> WHAT TO DO
Leaving pictures aside, restate exactly the lines of the data below, from the first one through the line that contains "Рамка для двойной".
***** SOURCE RECORDS *****
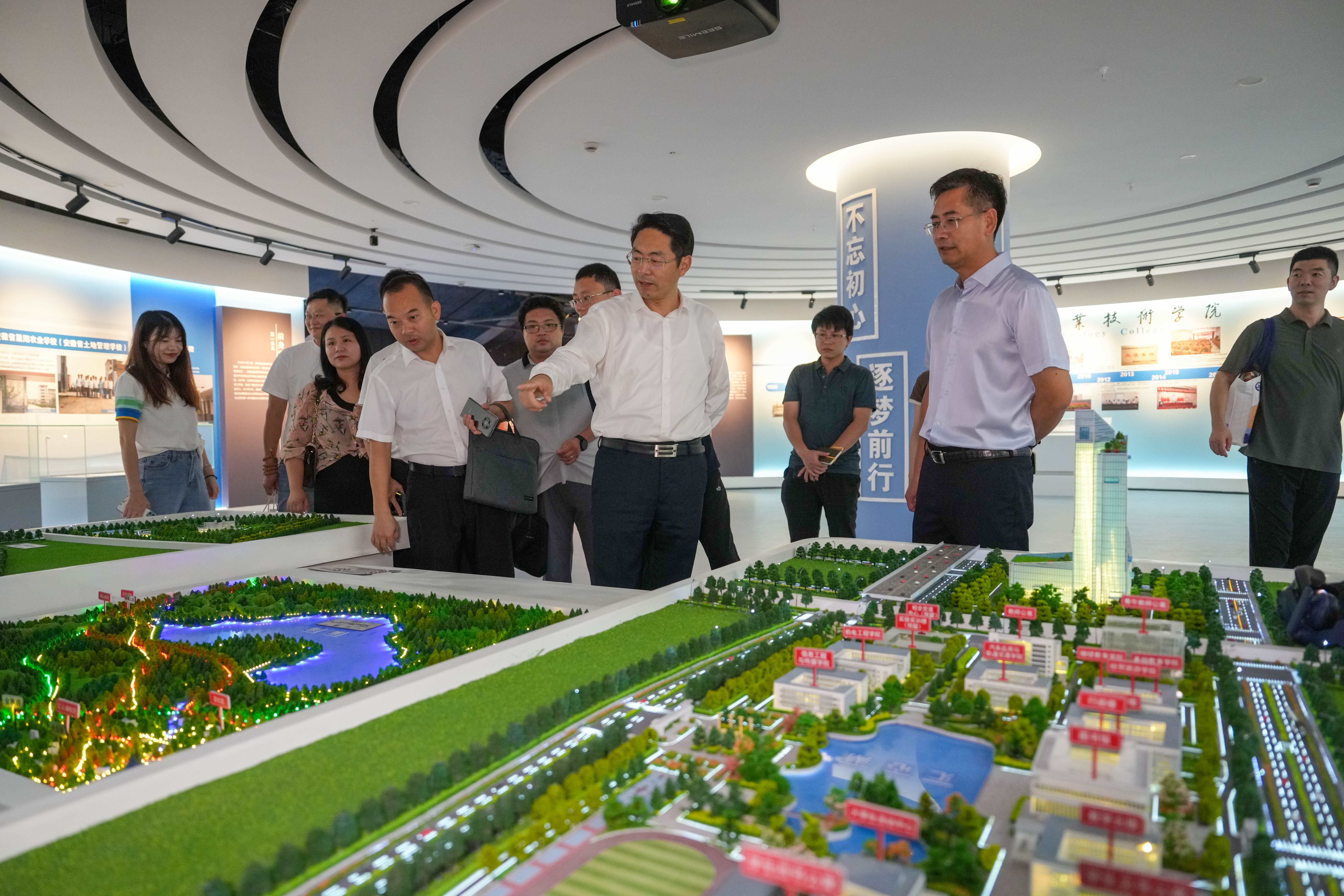 会前,王杰才陪同来宾一行参观了我校“职业教育与合职发展”展览馆(校史馆),双方在参观过程中对职业教育发展也做了讨论交流。
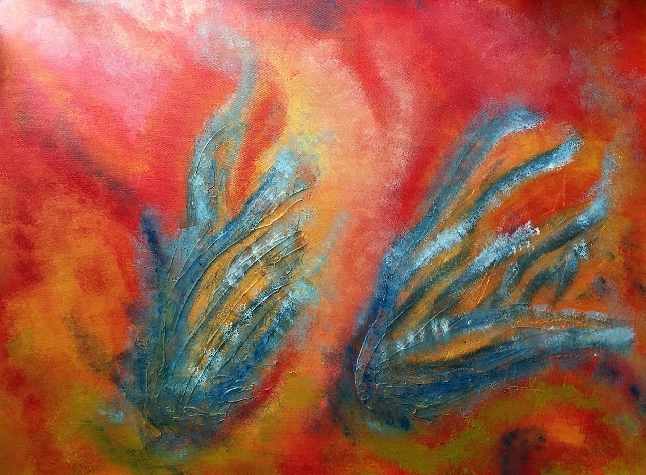 Abstract schilderij in warme vlammende kleuren.
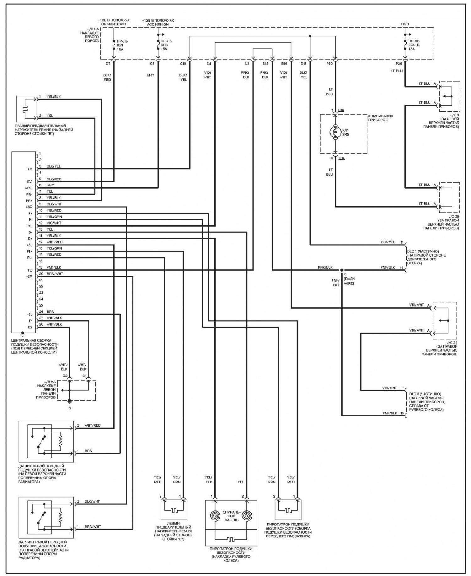 Статья о ремонте японских автомобилей Тойота Крузер 100 (1998-2007): Электросхема системы дополнительной безопасности (SRS): https://www.toyotaman.ru/Land_Cruiser/J100/electrics/schemes/elektroshema-sistemy-dopolnitelnoy-bezopasnosti-srs
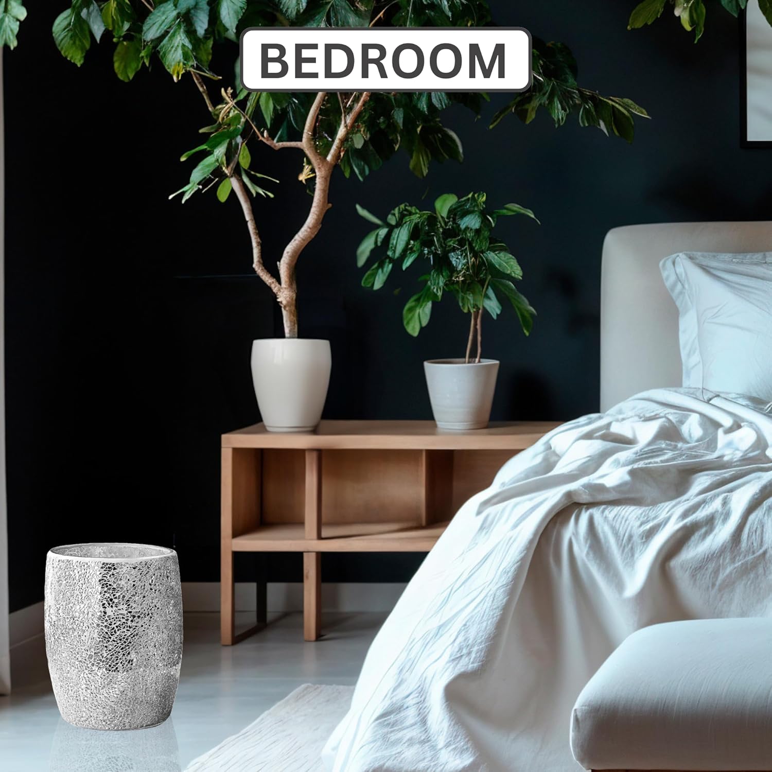 • Premium Small Waste Basket - Our decorative silver trash cans are hand-made with a beautiful mosaic glass finish for home & bath decor. A must-have in your new house is essential for a luxurious experience.
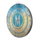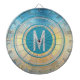 A monogram dart board is a fun way to express your personal style. Design offers a rustic vibe with an array of blue, gold, and gray colors. You can customize with a monogram or letter of your choice. Use the template to create your own monogram dart board.
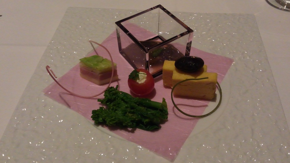 前菜。 ガラスの器に入ってるのはホタルイカちゃん。
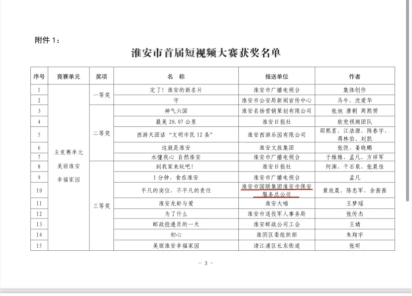 近日,在淮安市委網(wǎng)信辦組織開展的“淮安市首屆短視頻大賽評選活動”中,國聯(lián)保安總公司報(bào)送的短視頻作品《平凡的崗位 不平凡的責(zé)任》,榮獲“美麗淮安 幸福家園”競賽單元三等獎。
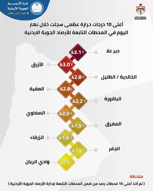 وبحسب الأرصاد فقد سجلت محطة ديرعلا أعلى درجة حرارة حيث وصلت لنحو 43.1 درجة مئوية ،تلتها محطة الأزرق بنحو 43 درجة مئوية .
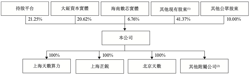 天数智芯所有权由其雇员通过多个特殊目的实体以及多元化的被动财务投资者持有。紧随全球发售后,其简化架构如下:
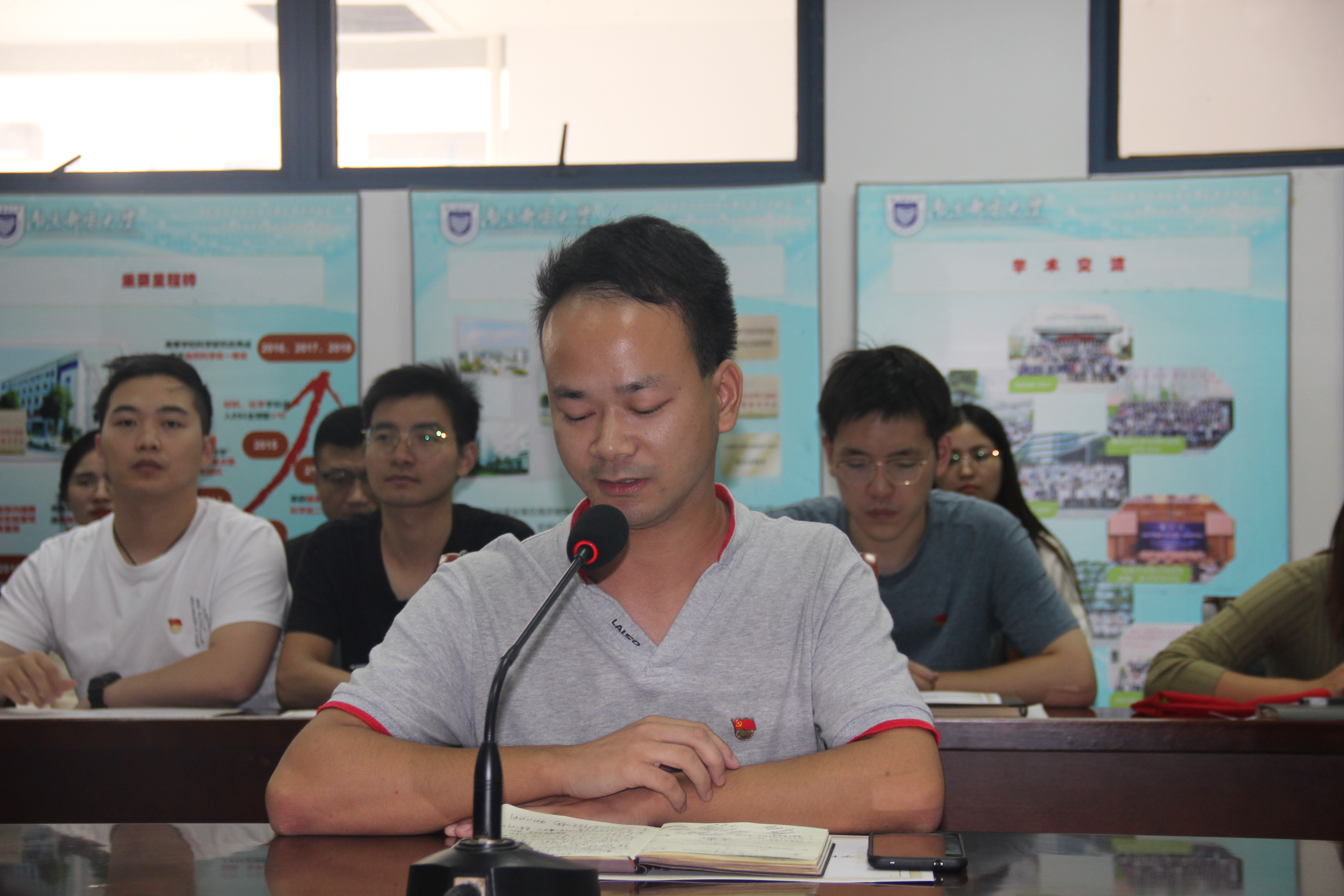 朱丹同志作为教师优秀党员代表发言,她在发言中表示,感谢学院党委、同事们给予的支持与帮助,在未来工作中,将会继续以党员标准严格要求自己,发挥党员先锋模范作用,做好教书育人工作。2019级研究生方栋同志作为大学生党员代表发言,他表示自己作为湖北籍青年学生,切身感受在疫情防控、自然灾害等各种困难面前,中国特色社会主义制度的优越性,以习近平同志为核心的党中央坚强领导下,中国人民越过了疫情防控最险最难的那段峭壁悬崖。作为学生党员,要认真学习增强本领,为国家建设贡献自己的力量。
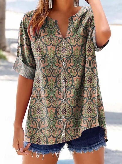 Women's Vintage Tattoo Pattern Art Print Casual Cotton Linen Shirt
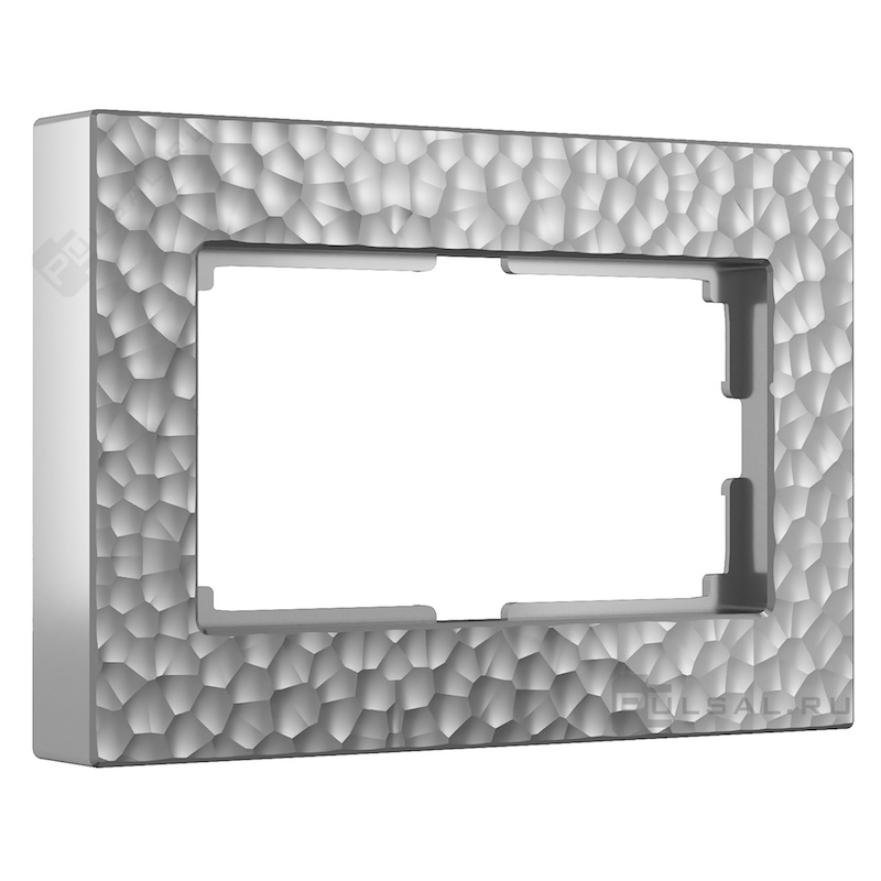 Рамка для двойной розетки Hammer, 2 поста без перегородки, цвет - серебряный, пластмасса
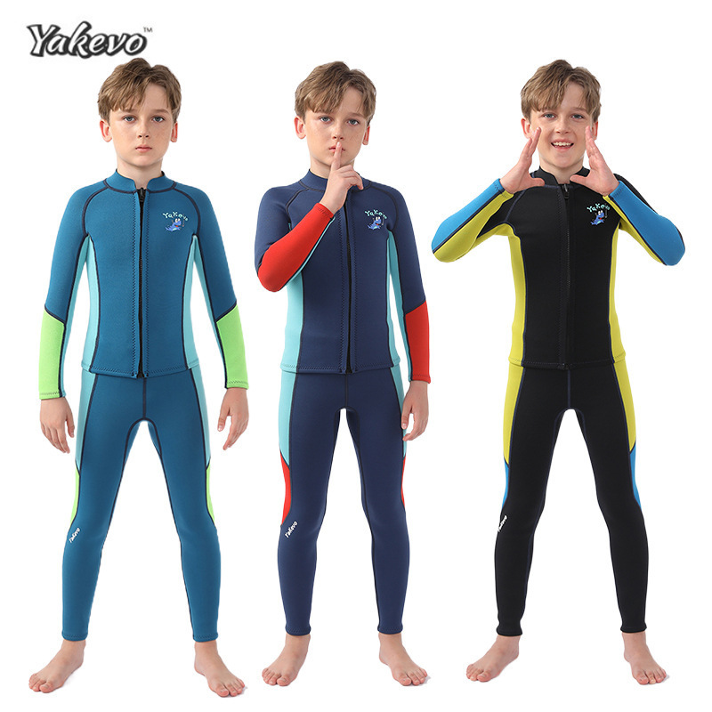 ✅ 재고 있음 어린이 잠수복 2.5mm 소년 스플릿 수영복 따뜻한 긴팔 서핑 및 스노클링 잠수복 방한스토어 가기
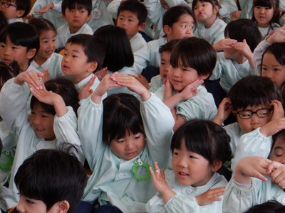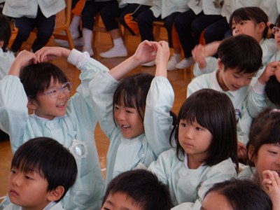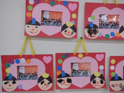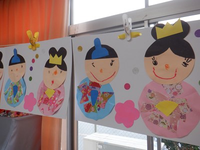 各クラスでひな飾りを作って飾り付けていましたね。それぞれお雛様の顔や着物に個性が出ていてとっても素敵でした。きっと、「こんな顔にしよう」「どの色を使おうかな」「こんな形にしたいな」などと、イメージを膨らませてそれを表現することができたのでしょう。1年間の経験でできることも増えて、表現の幅が広がりましたね。
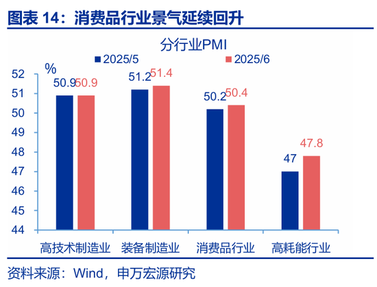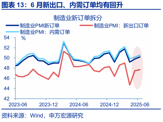 明显回升,也反映了促消费政策刺激下国内需求的持续释放。3)6月制造业PMI超预期,结构上内需订单修复程度更快。此外,政策利好的加码与外部扰动的缓和,也创造了比较有利的市场环境。
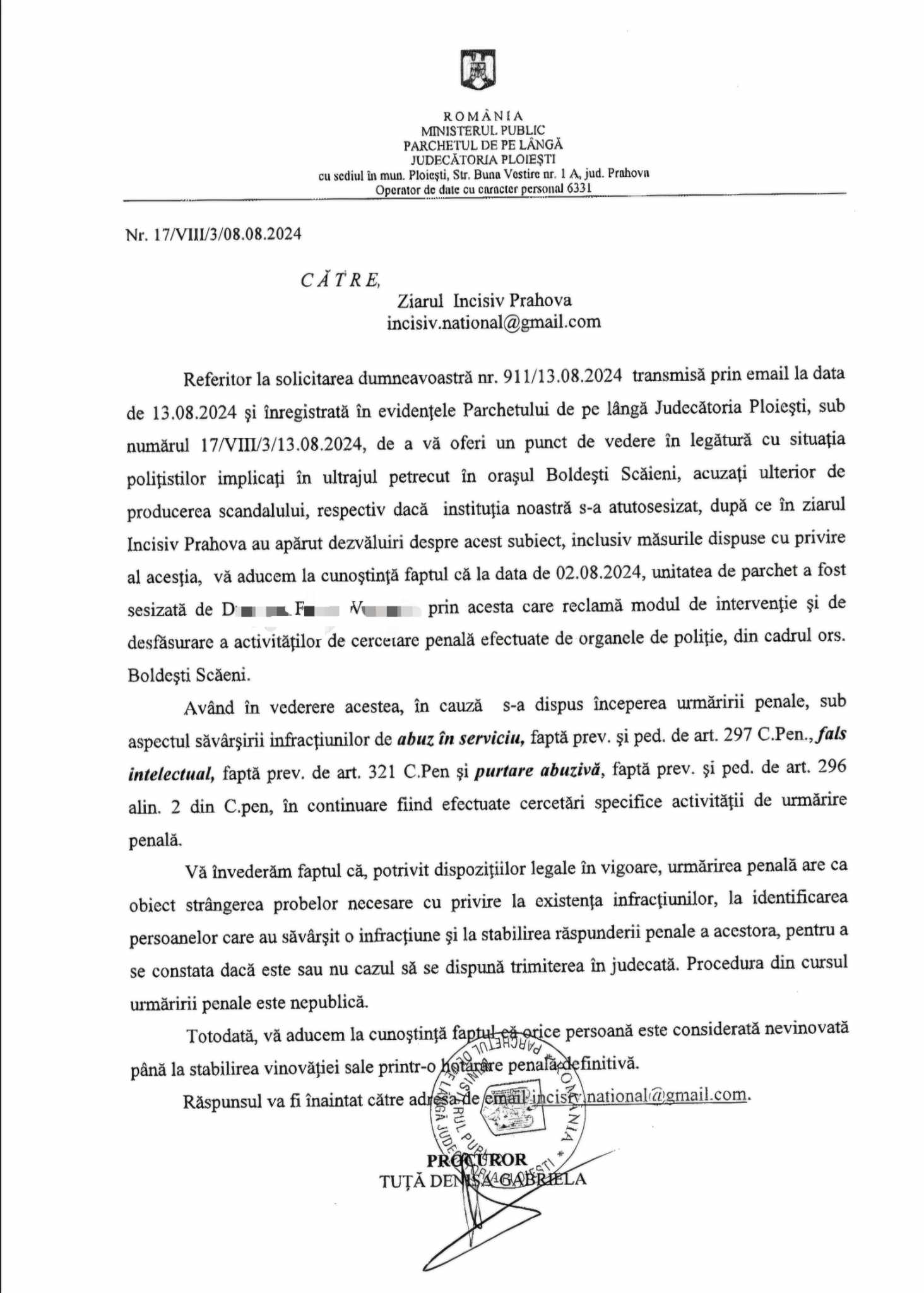 Abuzuri în uniformă: Tăcerea complice a IPJ Prahova în cazul polițiștilor din Boldesti Scaieni
*****
> RESPONSE
 会前,王杰才陪同来宾一行参观了我校“职业教育与合职发展”展览馆(校史馆),双方在参观过程中对职业教育发展也做了讨论交流。
 Abstract schilderij in warme vlammende kleuren.
 Статья о ремонте японских автомобилей Тойота Крузер 100 (1998-2007): Электросхема системы дополнительной безопасности (SRS): https://www.toyotaman.ru/Land_Cruiser/J100/electrics/schemes/elektroshema-sistemy-dopolnitelnoy-bezopasnosti-srs
 • Premium Small Waste Basket - Our decorative silver trash cans are hand-made with a beautiful mosaic glass finish for home & bath decor. A must-have in your new house is essential for a luxurious experience.
 A monogram dart board is a fun way to express your personal style. Design offers a rustic vibe with an array of blue, gold, and gray colors. You can customize with a monogram or letter of your choice. Use the template to create your own monogram dart board.
 前菜。 ガラスの器に入ってるのはホタルイカちゃん。
 近日,在淮安市委網(wǎng)信辦組織開展的“淮安市首屆短視頻大賽評選活動”中,國聯(lián)保安總公司報(bào)送的短視頻作品《平凡的崗位 不平凡的責(zé)任》,榮獲“美麗淮安 幸福家園”競賽單元三等獎。
 وبحسب الأرصاد فقد سجلت محطة ديرعلا أعلى درجة حرارة حيث وصلت لنحو 43.1 درجة مئوية ،تلتها محطة الأزرق بنحو 43 درجة مئوية .
 天数智芯所有权由其雇员通过多个特殊目的实体以及多元化的被动财务投资者持有。紧随全球发售后,其简化架构如下:
 朱丹同志作为教师优秀党员代表发言,她在发言中表示,感谢学院党委、同事们给予的支持与帮助,在未来工作中,将会继续以党员标准严格要求自己,发挥党员先锋模范作用,做好教书育人工作。2019级研究生方栋同志作为大学生党员代表发言,他表示自己作为湖北籍青年学生,切身感受在疫情防控、自然灾害等各种困难面前,中国特色社会主义制度的优越性,以习近平同志为核心的党中央坚强领导下,中国人民越过了疫情防控最险最难的那段峭壁悬崖。作为学生党员,要认真学习增强本领,为国家建设贡献自己的力量。
 Women's Vintage Tattoo Pattern Art Print Casual Cotton Linen Shirt
 Рамка для двойной розетки Hammer, 2 поста без перегородки, цвет - серебряный, пластмасса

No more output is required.